* **Records for this task**:
-- -- --

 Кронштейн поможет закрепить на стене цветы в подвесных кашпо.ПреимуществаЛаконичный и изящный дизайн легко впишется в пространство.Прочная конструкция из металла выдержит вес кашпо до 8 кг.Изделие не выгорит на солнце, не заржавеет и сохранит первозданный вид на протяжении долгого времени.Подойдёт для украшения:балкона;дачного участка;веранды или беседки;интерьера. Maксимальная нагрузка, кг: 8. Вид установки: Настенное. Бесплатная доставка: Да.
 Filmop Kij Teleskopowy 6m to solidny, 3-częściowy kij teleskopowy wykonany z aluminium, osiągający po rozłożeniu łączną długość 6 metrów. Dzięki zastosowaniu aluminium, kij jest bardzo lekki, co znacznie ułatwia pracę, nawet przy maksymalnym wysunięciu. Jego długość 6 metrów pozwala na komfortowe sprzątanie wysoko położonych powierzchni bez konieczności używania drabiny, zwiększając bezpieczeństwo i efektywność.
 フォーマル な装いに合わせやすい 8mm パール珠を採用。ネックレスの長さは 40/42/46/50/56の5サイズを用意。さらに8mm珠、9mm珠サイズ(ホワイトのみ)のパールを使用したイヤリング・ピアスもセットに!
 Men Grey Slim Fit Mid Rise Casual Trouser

-- -- --

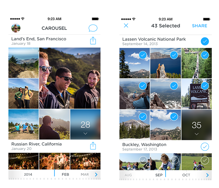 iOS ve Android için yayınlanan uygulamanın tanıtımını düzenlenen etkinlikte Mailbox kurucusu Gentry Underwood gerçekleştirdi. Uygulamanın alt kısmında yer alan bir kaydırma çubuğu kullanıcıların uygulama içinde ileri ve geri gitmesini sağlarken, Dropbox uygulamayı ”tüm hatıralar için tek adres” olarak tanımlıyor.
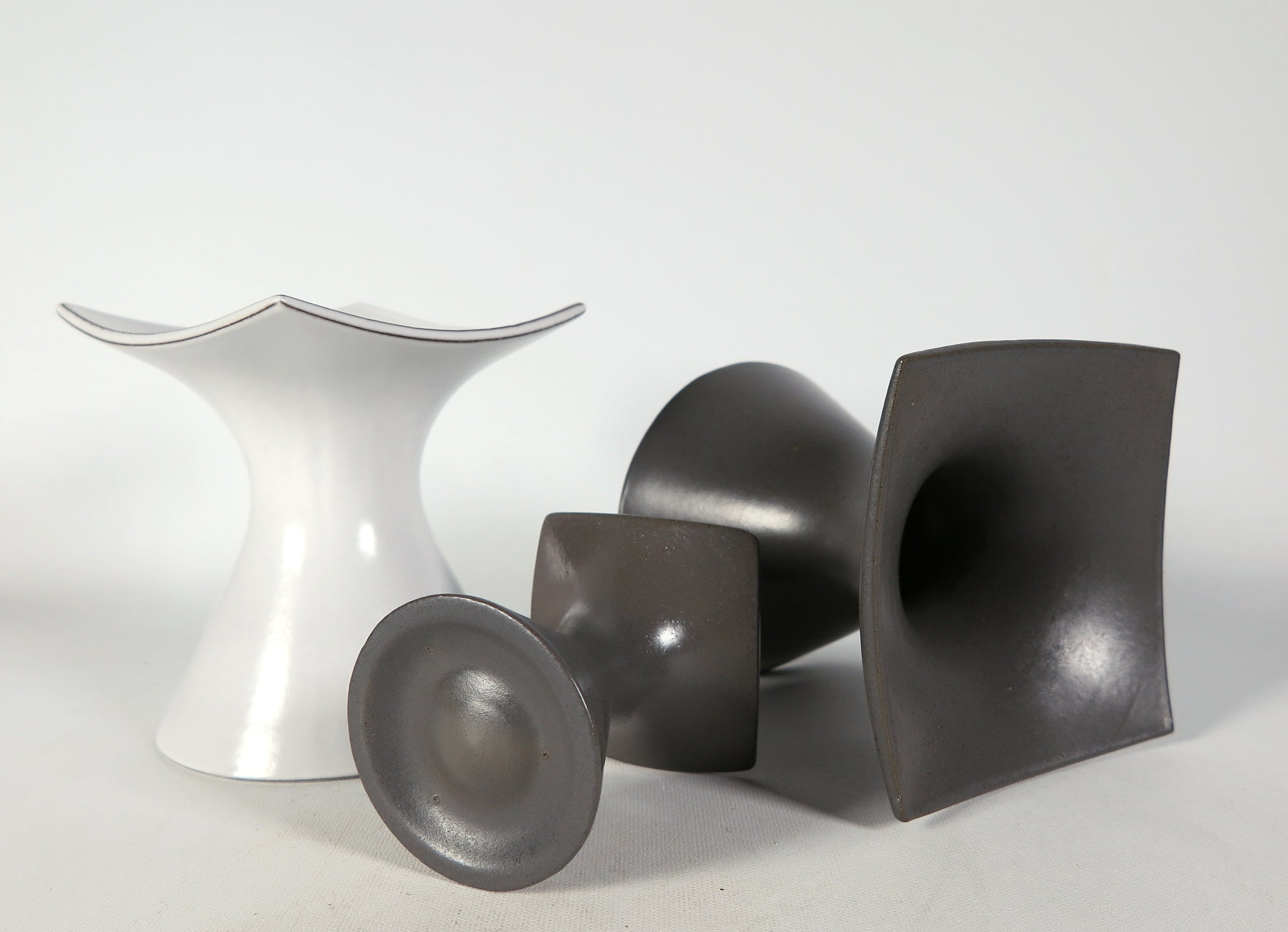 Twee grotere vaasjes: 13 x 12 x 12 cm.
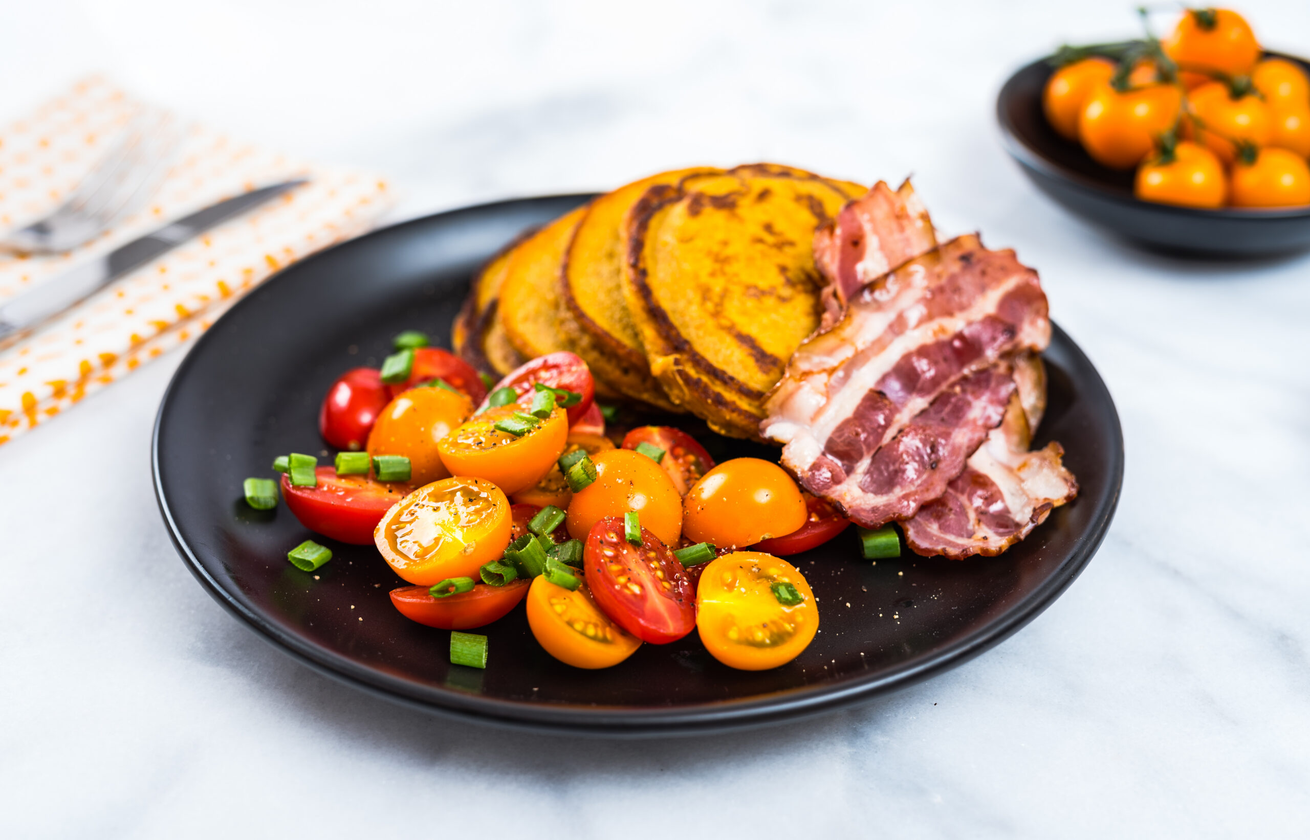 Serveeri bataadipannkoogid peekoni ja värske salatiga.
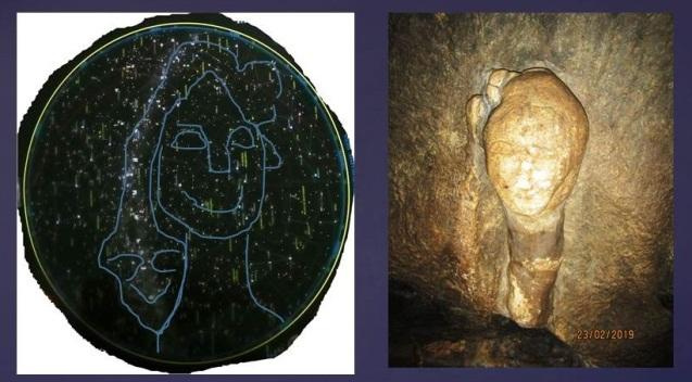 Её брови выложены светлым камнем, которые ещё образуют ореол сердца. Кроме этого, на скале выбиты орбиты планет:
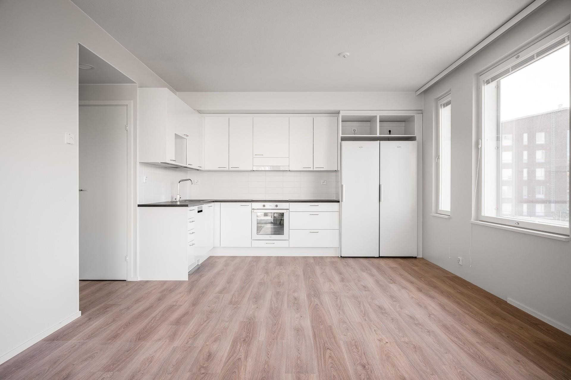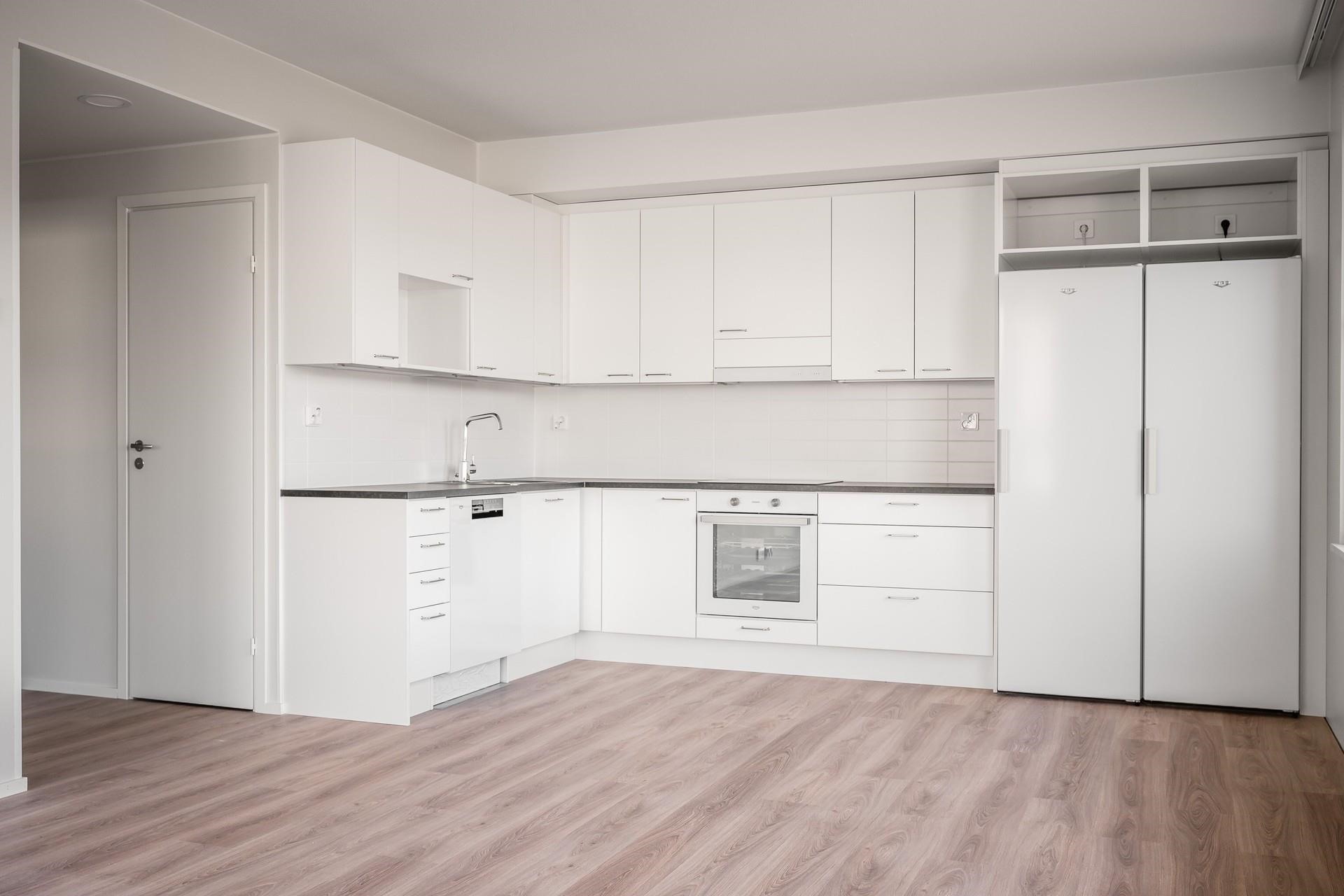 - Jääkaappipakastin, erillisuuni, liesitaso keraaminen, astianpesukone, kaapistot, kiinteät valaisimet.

-- -- --

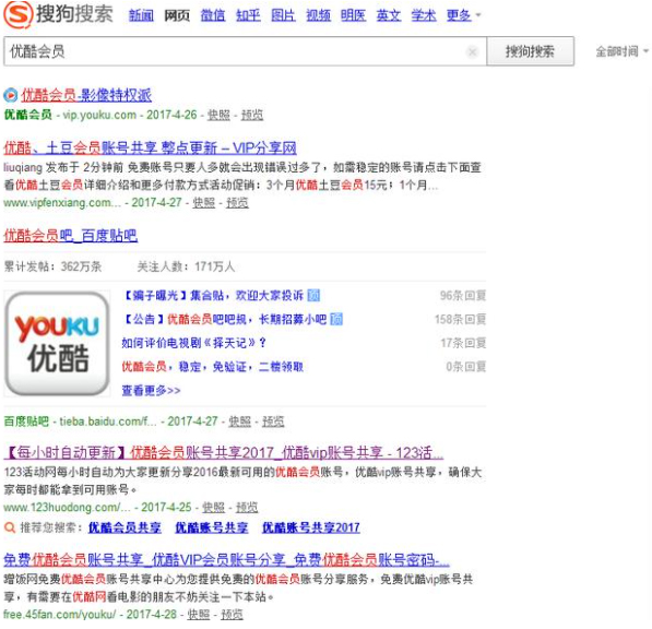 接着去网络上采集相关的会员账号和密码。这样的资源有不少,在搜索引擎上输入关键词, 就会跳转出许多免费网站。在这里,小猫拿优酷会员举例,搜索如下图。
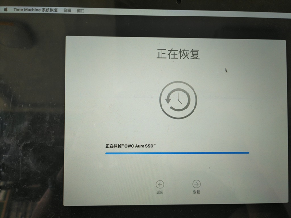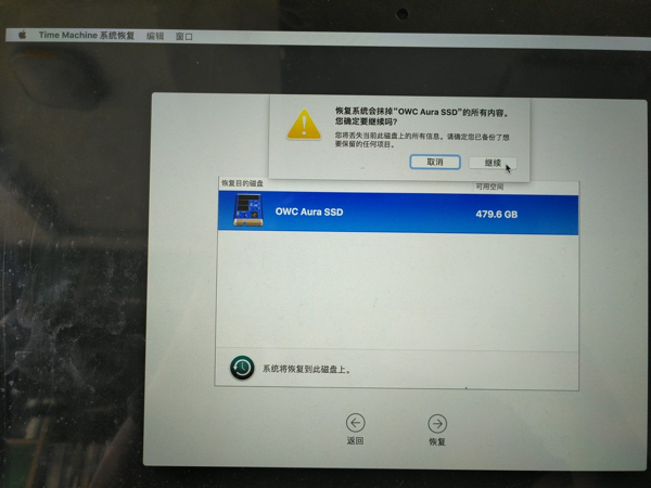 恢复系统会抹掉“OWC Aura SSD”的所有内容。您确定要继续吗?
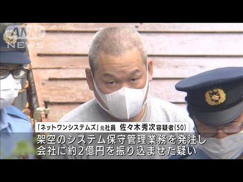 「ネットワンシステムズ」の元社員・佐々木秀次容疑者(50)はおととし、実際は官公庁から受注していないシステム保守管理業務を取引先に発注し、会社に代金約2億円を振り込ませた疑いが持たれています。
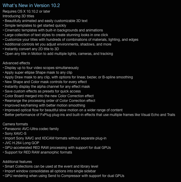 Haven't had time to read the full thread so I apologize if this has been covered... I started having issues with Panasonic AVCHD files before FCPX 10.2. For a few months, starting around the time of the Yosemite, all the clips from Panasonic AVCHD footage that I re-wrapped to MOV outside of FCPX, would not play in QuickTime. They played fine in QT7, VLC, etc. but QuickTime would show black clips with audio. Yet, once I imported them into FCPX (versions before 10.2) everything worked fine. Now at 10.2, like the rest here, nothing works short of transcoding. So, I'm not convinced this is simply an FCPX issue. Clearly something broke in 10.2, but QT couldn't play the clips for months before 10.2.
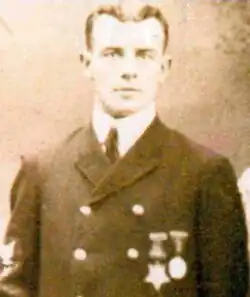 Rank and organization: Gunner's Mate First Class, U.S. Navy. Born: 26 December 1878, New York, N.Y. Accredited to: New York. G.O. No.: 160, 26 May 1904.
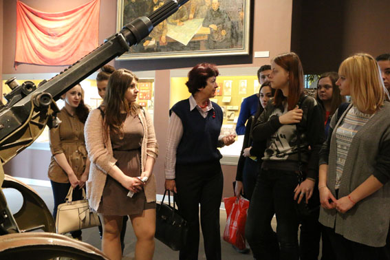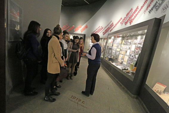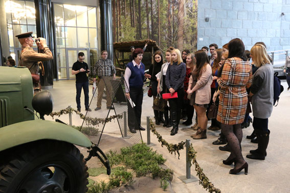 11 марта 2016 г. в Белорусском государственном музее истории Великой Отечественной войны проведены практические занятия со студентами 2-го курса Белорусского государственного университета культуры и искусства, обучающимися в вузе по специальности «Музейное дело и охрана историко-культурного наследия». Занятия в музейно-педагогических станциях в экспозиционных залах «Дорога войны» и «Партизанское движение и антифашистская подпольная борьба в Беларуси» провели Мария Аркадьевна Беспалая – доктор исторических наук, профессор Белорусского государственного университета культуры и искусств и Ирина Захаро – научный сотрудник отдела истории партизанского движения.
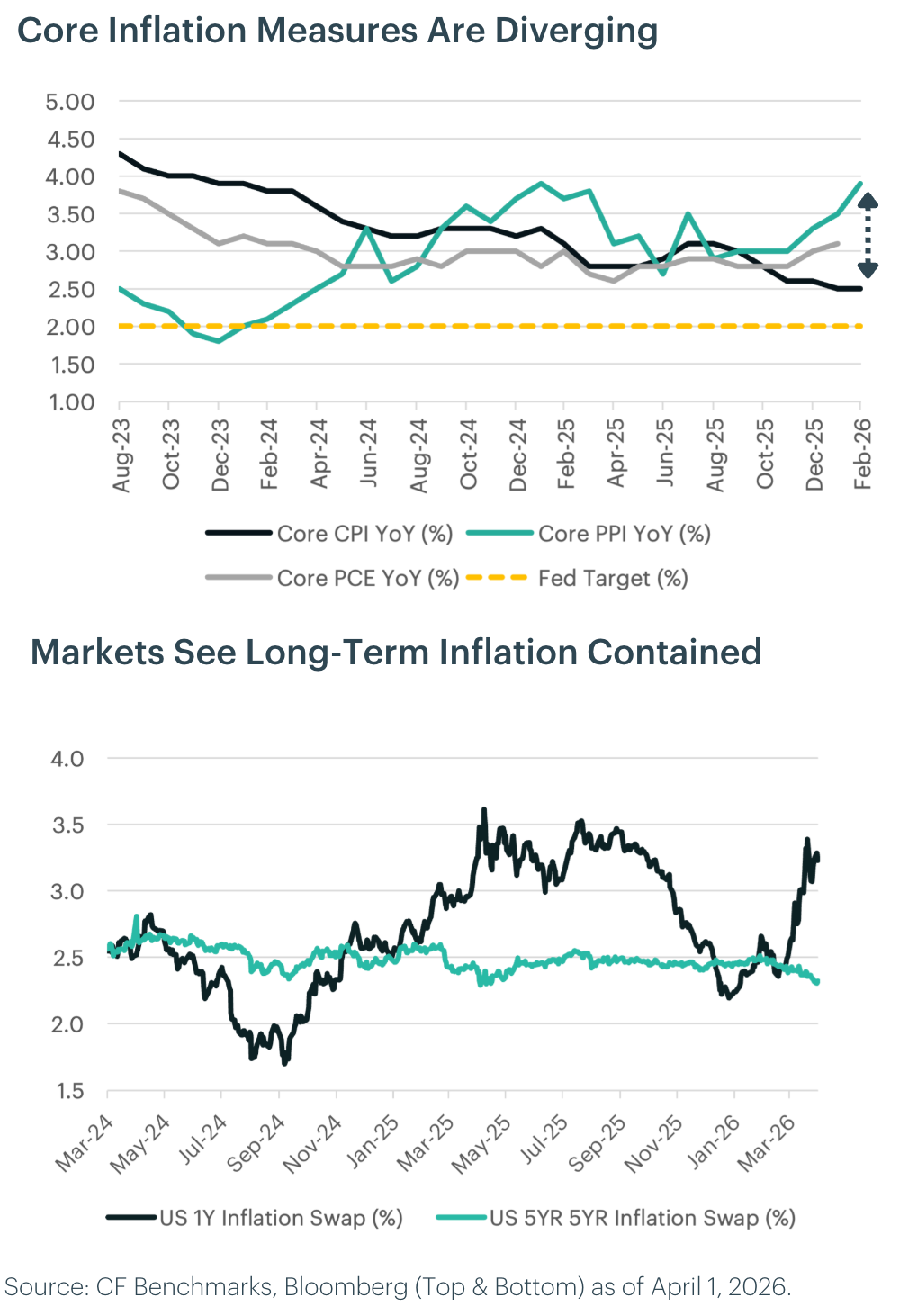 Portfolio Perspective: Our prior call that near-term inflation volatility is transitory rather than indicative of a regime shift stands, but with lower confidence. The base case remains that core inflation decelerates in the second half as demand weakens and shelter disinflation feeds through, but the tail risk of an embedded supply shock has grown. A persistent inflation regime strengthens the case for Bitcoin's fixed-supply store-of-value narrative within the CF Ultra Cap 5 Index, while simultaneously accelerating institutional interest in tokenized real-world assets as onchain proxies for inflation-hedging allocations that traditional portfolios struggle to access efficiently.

-- -- --

* **Task description**:
Which lines above run from the one containing "Кронштейн поможет закрепить" to the one containing "Men Grey Slim Fit Mid Rise Casual Trouser"? Give them again exactly, both ends included.

* **Answer space**:
 Кронштейн поможет закрепить на стене цветы в подвесных кашпо.ПреимуществаЛаконичный и изящный дизайн легко впишется в пространство.Прочная конструкция из металла выдержит вес кашпо до 8 кг.Изделие не выгорит на солнце, не заржавеет и сохранит первозданный вид на протяжении долгого времени.Подойдёт для украшения:балкона;дачного участка;веранды или беседки;интерьера. Maксимальная нагрузка, кг: 8. Вид установки: Настенное. Бесплатная доставка: Да.
 Filmop Kij Teleskopowy 6m to solidny, 3-częściowy kij teleskopowy wykonany z aluminium, osiągający po rozłożeniu łączną długość 6 metrów. Dzięki zastosowaniu aluminium, kij jest bardzo lekki, co znacznie ułatwia pracę, nawet przy maksymalnym wysunięciu. Jego długość 6 metrów pozwala na komfortowe sprzątanie wysoko położonych powierzchni bez konieczności używania drabiny, zwiększając bezpieczeństwo i efektywność.
 フォーマル な装いに合わせやすい 8mm パール珠を採用。ネックレスの長さは 40/42/46/50/56の5サイズを用意。さらに8mm珠、9mm珠サイズ(ホワイトのみ)のパールを使用したイヤリング・ピアスもセットに!
 Men Grey Slim Fit Mid Rise Casual Trouser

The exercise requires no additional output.